Increased climate variability and change has the potential to lead to more frequent and intense disasters. This is of great concern to Pacific Island Countries and Territories (PICTS) and this week delegates at the 4th session of Pacific Platform for Disaster Risk Management (DRM) and Pacific Regional Water & Sanitation Consultations discussed the development of an integrated regional strategy for DRM and Climate Change which is to be ready by 2015 to succeed existing separate policy frameworks which run their course by then.

The development of this new integrated strategy will inform the Pacific’s contribution to the ongoing global process towards a post-2015 Framework for disaster risk reduction which will succeed the Hyogo Framework for Action 2005 – 2015. The Hyogo Framework was the first plan to explain, describe and detail the work that is required from all different sectors and actors to reduce disaster losses.

Mosese Sikivou, Deputy Director for the Secretariat of the Pacific Community’s (SPC) Disaster Reduction Programme, said that while the task is challenging SPC and its other coordinating partners, the Secretariat for the Pacific Regional Environment Programme (SPREP) and the United Nations International Strategy for Disaster Reduction (UNISDR), believe it should be kept as simple as possible.

“We want to ensure that the various sectors and interest groups that contribute to the overall reduction of vulnerability and risk in our region can get full value out of the new strategy. It needs to be something that provides useful guidance and supports the various countries and territories in the Pacific to define the specifics of what needs to be done, and how it is to be done, at national and sub national levels. We also need to make sure that the new strategy capitalises on opportunities available at the regional and global level, such as those arising from the Rio 20+ Summit and the Millennium Development Goals review.”

Jerry Velasquez, Head of the UNISDR for Asia and the Pacific, said that given its track record with the Hyogo Framework, the Pacific was very capable of developing a new strategy.

“The Pacific was the first region in the world to take the Hyogo Framework and turn it into a region-wide planning instrument. Again it is taking the lead with the integration of climate change and disaster risk management,” Velasquez said. “It is proof that the region is focused and pro-active. It is an important step in addressing the key challenge of how to make national economies more climate-independent as you seek to safeguard development gains.”

“The Pacific has much to offer the rest of the world by way of good example.

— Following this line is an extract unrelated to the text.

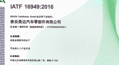 泰安昊達汽車零部件有限公司位于新泰市經濟開發區嶅山路7號,公司成立于2011年,是一家生產中、重型卡車底盤鑄鍛件、焊接件、發動機配件的專業廠家,廠區占地面積101畝,2018年建設年產300萬件汽車零部件項目,項目總投資3.16億元,總建筑面積3.6萬平方米,是新泰市汽車裝配產業鏈的重點項目、2018年、2019年泰安重點項目,現已建設完畢,于2019年1月1日正式投入使用,設備新上覆膜砂自動化鑄造生產線1條、熱模鍛生產線6條、自動化焊接生產線10條、CNC加工設備200余臺套。 主要產品:中、重卡車底盤配件、轉向配件、中后橋氣室支架總成、中后橋配件、前橋轉向節臂、焊接配件、發動機配件。產品主要銷往中國重汽集團、市場份額約50%,位居行業鑄件產品前三。 公司擁有IATF16949:2016國際標準質量管理體系認證,擁有實 ......

I am confident that the outcome of this meeting will provide valuable input for the formulation of the next global agreement on disaster risk reduction that will replace Hyogo in 2015.”

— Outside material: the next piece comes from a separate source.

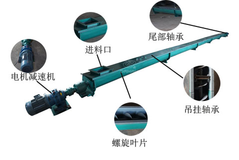 U型螺旋輸送機工作時,電機帶動旋轉(zhuǎn)的螺旋葉片將物料推移而進行輸送,螺旋輸送機旋轉(zhuǎn)軸上焊的螺旋葉片,葉片的面型根據(jù)輸送物料的不同有實體面型、帶式面型、葉片面型等型式

The Pacific Platform is co-convened by SPC in partnership with the UNISDR. The meeting this year is supported by partner organisations like, The Asia Foundation, United Stated Agency for International Development, the University of the South Pacific, Institute for Research and Development in New Caledonia, United Nations Development Programme Pacific Centre, UN Office for the Coordination of Humanitarian Affairs, the World Bank Global Facility for Disaster Reduction and Recovery, AusAID, the European Union and the French Pacific Fund.